BEGIN Data for the task

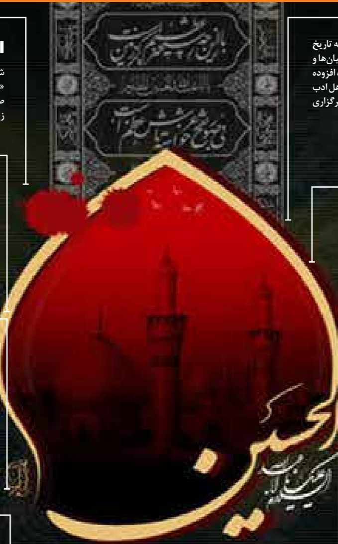
نگاهی به مجموعه‌ای از آثار فرهنگی که بوی محرم و عاشورا می‌دهند (بخش نخست)
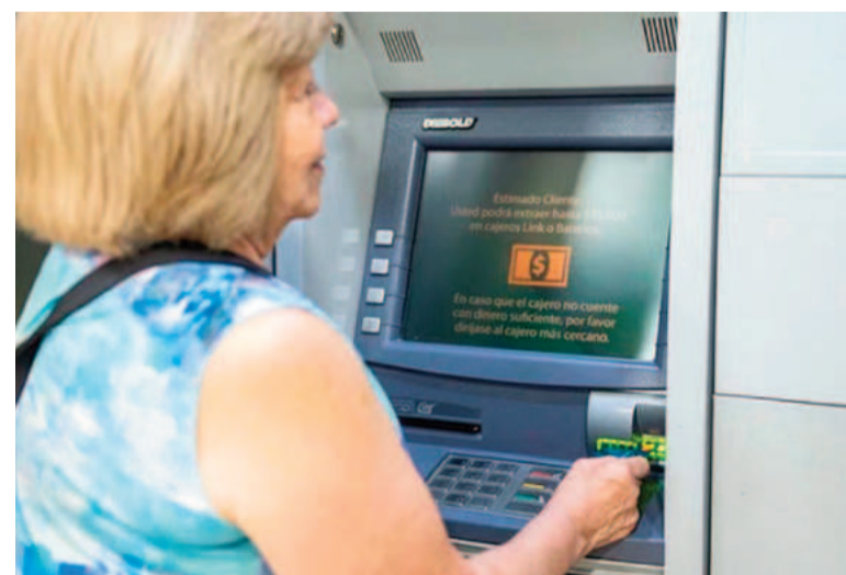
Algunos jubilados recibirán nuevo bono.

Al mismo tiempo, informaron que la Pensión Universal para el Adulto Mayor (PUAM), destinada a brindar cobertura a adultos mayores sin acceso a una jubilación tradicional,
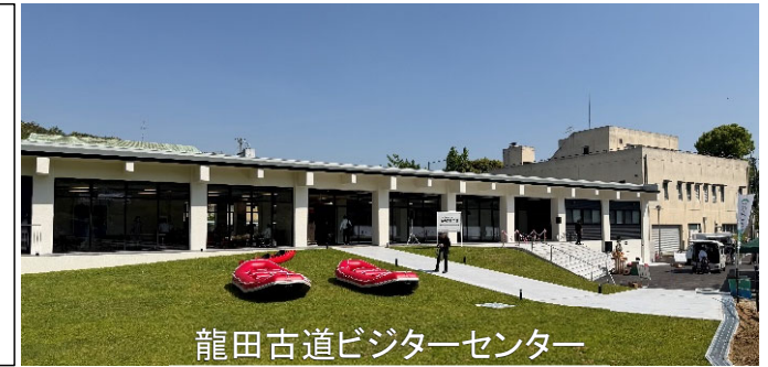
龍田古道ビジターセンター

○今後も引き続き「三郷町かわまちづくり」の活性化に向けて協力を図っていく他、インフラツーリズムの面においても、「亀の瀬地すべり歴史資料室」と連携した新たなガイドツアーの実施など、更なる地域の活性化に取り組んでいきます。
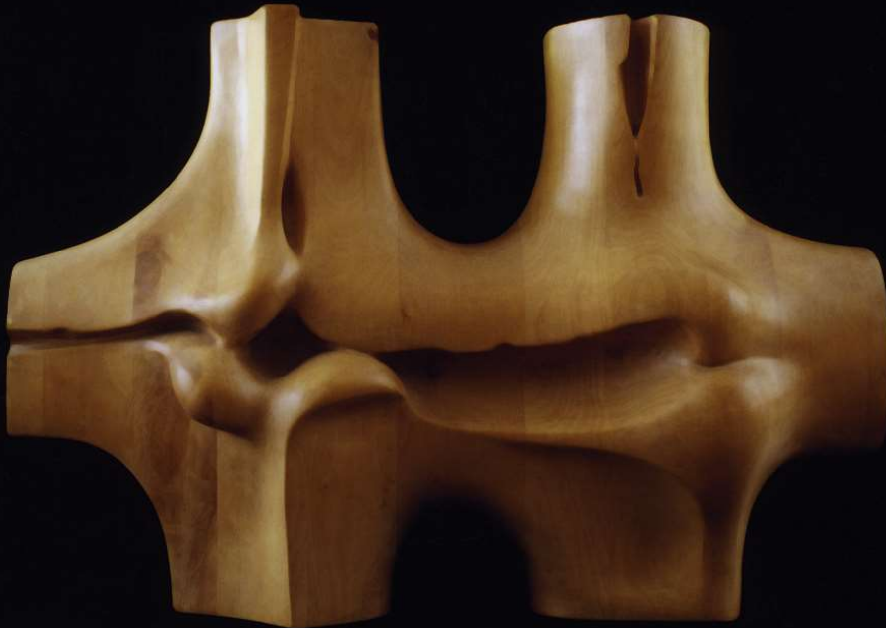
F.6''S.Organicas 1975.Madera. 70x35x50cm
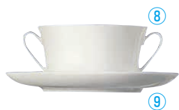
⑧ 30479 ブイヨンカップ 350c.c. 〈RLC-L0〉G 9-2335-0801 ¥5,500 D:113 H:61
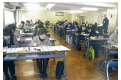
平成二十五年三月十二日の講習会風景
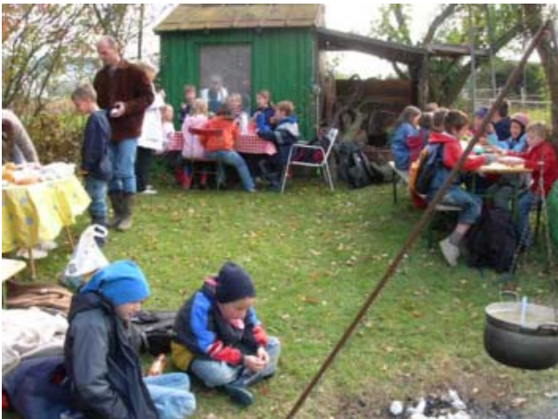
Ein großer Erfolg..

Ostseefähre nach Ronne und Gudhjem/Bornholm. Wir wohnen in einem Ferienpark (s.o.) mit Sauna und starten von dort aus zu den täglichen Inseln. Bornholm gilt als schönste Wanderinsel Europas. Wir sind einziger Anbieter in der Region mit dieser qualifizierten Maßnahme! Info: 06032-804572. Organisationstreffen: Gasthaus zur Krone, Remise, Do. 23.03. um 19:30 Uhr.
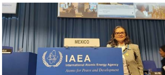
Figura 9. Participación de la Coordinadora Nacional en la 63ª Conferencia General
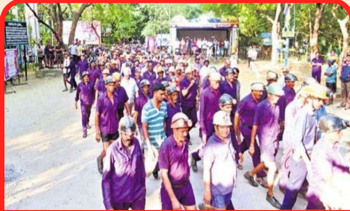
సమ్మెలో పాల్గొన్న కార్మికులు

8. ఇండియన్ లేబర్ కాన్ఫరెన్స్ సిఫారసులకు అనుగుణంగా కనీస వేతనం 21,000 గా నిర్ణయించాలి. వంటి డిమాండ్లను ప్రచారం చేశారు.
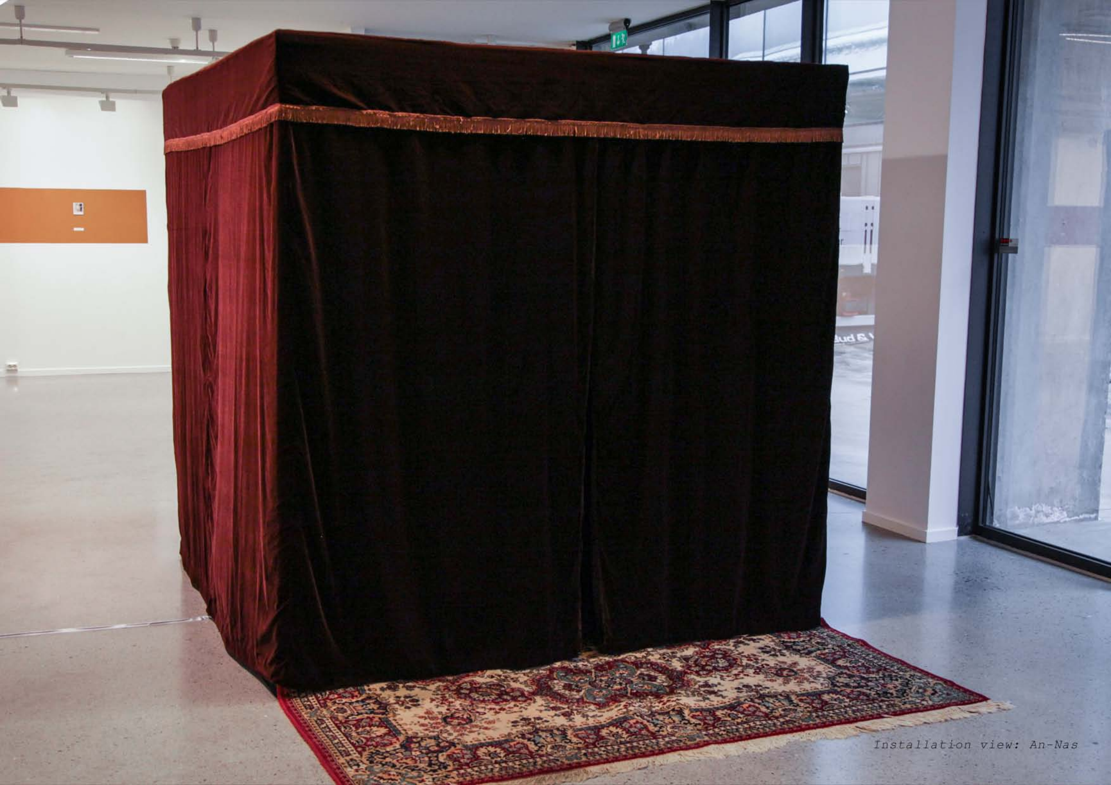
Installation view: An-Nas
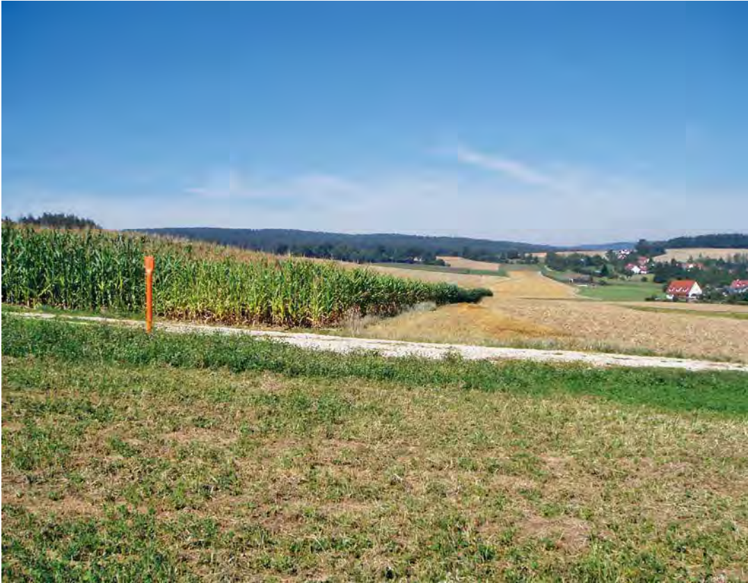
ABB. 6 Rekultivierung: Nur die orangefarbenen Markierungspfeiler weisen auf die EPS hin.
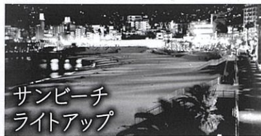
サンビーチ ライトアップ

古くから來宮大明神と称し、来福・縁起の神様として信仰され「延喜式神名帳」には「阿豆佐別神社」の名で記されています。御神木「大楠」と境内に約160個のLEDを鳥かごや浮き球に仕込み、境内全体「木霊」を表現したライトアップも行っています。
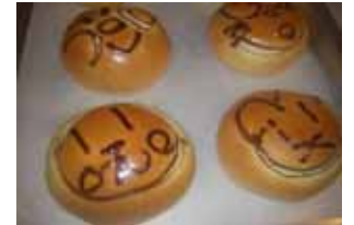
チョコパン ¥110 中身も絵もチョコです。 子供に大人気★ ○卵 ×牛乳 ○バター
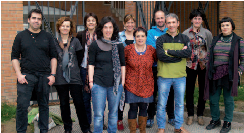
Aurten Orion da baina 2015ekoa Usurbilen izango da eta prestaketa lanak hasi behar dira.

2015ean Usurbilen ospatuko den Kilometroak jaialdirako eta egun horren aurretik, urtean zehar bideratu beharko diren prestaketa lan eta ekimenetarako herritarren laguntza behar du Udarregi Ikastolak. Hainbat lan batzorde osatu asmo dituzte, ardura hauei guztiei heltzeko. Jarraian zerrendatuak ageri diren taldeotan parte hartzerantz animatzen dituzte herritarrak. Lanean hasteko izen ematea ireki dute jada. Udarregi Ikastolako web orriari sartzen bazarete (udarregi.com), bertan dagoen apuntatzeko inprimakia beteta eman dezakezue izena. Edota Udarregi Ikastolako idazkaritzara deituta, 943 36 12 16 telefono zenbakira.
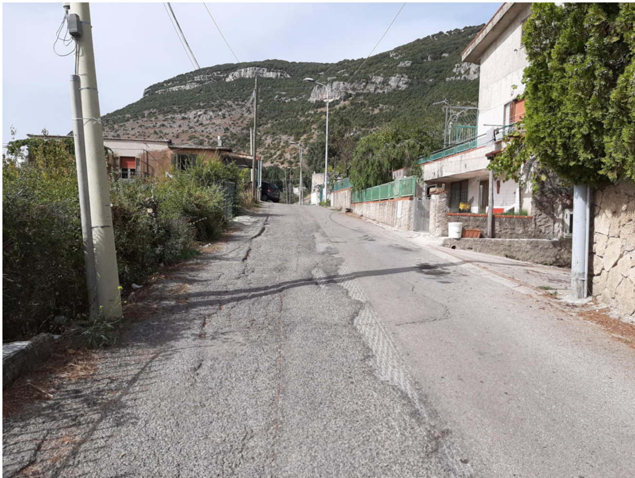
( tratto A - B ) iniziale
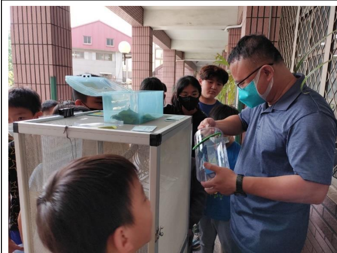
學生爭取好表現照顧竹節蟲
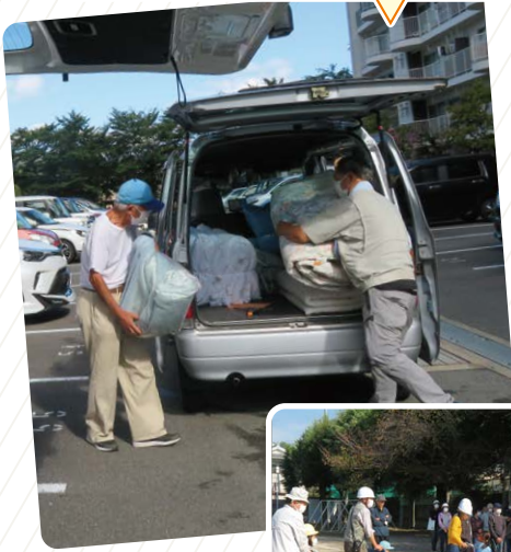
寝具 クリーニング サービス
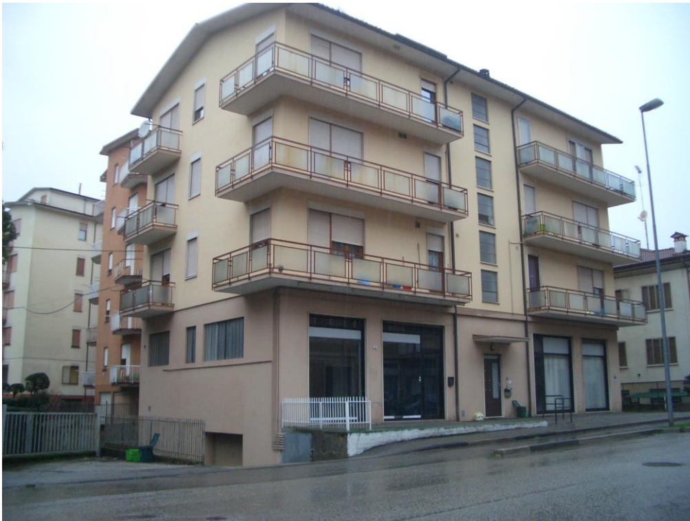
2. Vista generale da Sud - Est
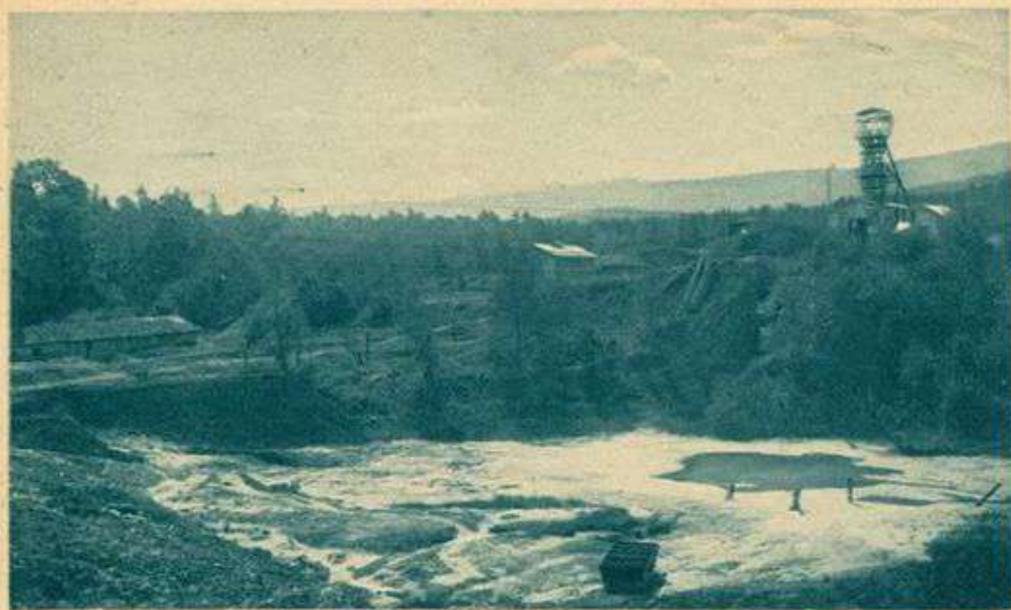
TRUSKAWIEC-ZDRÓJ. Kopalnia wosku.

Однак, розробка нафти й озокериту у більших масштабах велася нелегально селянами та єврейськими підприємцями і торгашами за дозволом власників землі. Цей процес видобування заключався у відборі корисних копалин з неглибоких ям (копанок) примітивними способами та засобами.

END Data for the task

Task details:
Each record should appear again exactly as it stands, with no picture included.

Finished task:
نگاهی به مجموعه‌ای از آثار فرهنگی که بوی محرم و عاشورا می‌دهند (بخش نخست)
Algunos jubilados recibirán nuevo bono.

Al mismo tiempo, informaron que la Pensión Universal para el Adulto Mayor (PUAM), destinada a brindar cobertura a adultos mayores sin acceso a una jubilación tradicional,
龍田古道ビジターセンター

○今後も引き続き「三郷町かわまちづくり」の活性化に向けて協力を図っていく他、インフラツーリズムの面においても、「亀の瀬地すべり歴史資料室」と連携した新たなガイドツアーの実施など、更なる地域の活性化に取り組んでいきます。
F.6''S.Organicas 1975.Madera. 70x35x50cm
⑧ 30479 ブイヨンカップ 350c.c. 〈RLC-L0〉G 9-2335-0801 ¥5,500 D:113 H:61
平成二十五年三月十二日の講習会風景
Ein großer Erfolg..

Ostseefähre nach Ronne und Gudhjem/Bornholm. Wir wohnen in einem Ferienpark (s.o.) mit Sauna und starten von dort aus zu den täglichen Inseln. Bornholm gilt als schönste Wanderinsel Europas. Wir sind einziger Anbieter in der Region mit dieser qualifizierten Maßnahme! Info: 06032-804572. Organisationstreffen: Gasthaus zur Krone, Remise, Do. 23.03. um 19:30 Uhr.
Figura 9. Participación de la Coordinadora Nacional en la 63ª Conferencia General
సమ్మెలో పాల్గొన్న కార్మికులు

8. ఇండియన్ లేబర్ కాన్ఫరెన్స్ సిఫారసులకు అనుగుణంగా కనీస వేతనం 21,000 గా నిర్ణయించాలి. వంటి డిమాండ్లను ప్రచారం చేశారు.
Installation view: An-Nas
ABB. 6 Rekultivierung: Nur die orangefarbenen Markierungspfeiler weisen auf die EPS hin.
サンビーチ ライトアップ

古くから來宮大明神と称し、来福・縁起の神様として信仰され「延喜式神名帳」には「阿豆佐別神社」の名で記されています。御神木「大楠」と境内に約160個のLEDを鳥かごや浮き球に仕込み、境内全体「木霊」を表現したライトアップも行っています。
チョコパン ¥110 中身も絵もチョコです。 子供に大人気★ ○卵 ×牛乳 ○バター
Aurten Orion da baina 2015ekoa Usurbilen izango da eta prestaketa lanak hasi behar dira.

2015ean Usurbilen ospatuko den Kilometroak jaialdirako eta egun horren aurretik, urtean zehar bideratu beharko diren prestaketa lan eta ekimenetarako herritarren laguntza behar du Udarregi Ikastolak. Hainbat lan batzorde osatu asmo dituzte, ardura hauei guztiei heltzeko. Jarraian zerrendatuak ageri diren taldeotan parte hartzerantz animatzen dituzte herritarrak. Lanean hasteko izen ematea ireki dute jada. Udarregi Ikastolako web orriari sartzen bazarete (udarregi.com), bertan dagoen apuntatzeko inprimakia beteta eman dezakezue izena. Edota Udarregi Ikastolako idazkaritzara deituta, 943 36 12 16 telefono zenbakira.
( tratto A - B ) iniziale
學生爭取好表現照顧竹節蟲
寝具 クリーニング サービス
2. Vista generale da Sud - Est
TRUSKAWIEC-ZDRÓJ. Kopalnia wosku.

Однак, розробка нафти й озокериту у більших масштабах велася нелегально селянами та єврейськими підприємцями і торгашами за дозволом власників землі. Цей процес видобування заключався у відборі корисних копалин з неглибоких ям (копанок) примітивними способами та засобами.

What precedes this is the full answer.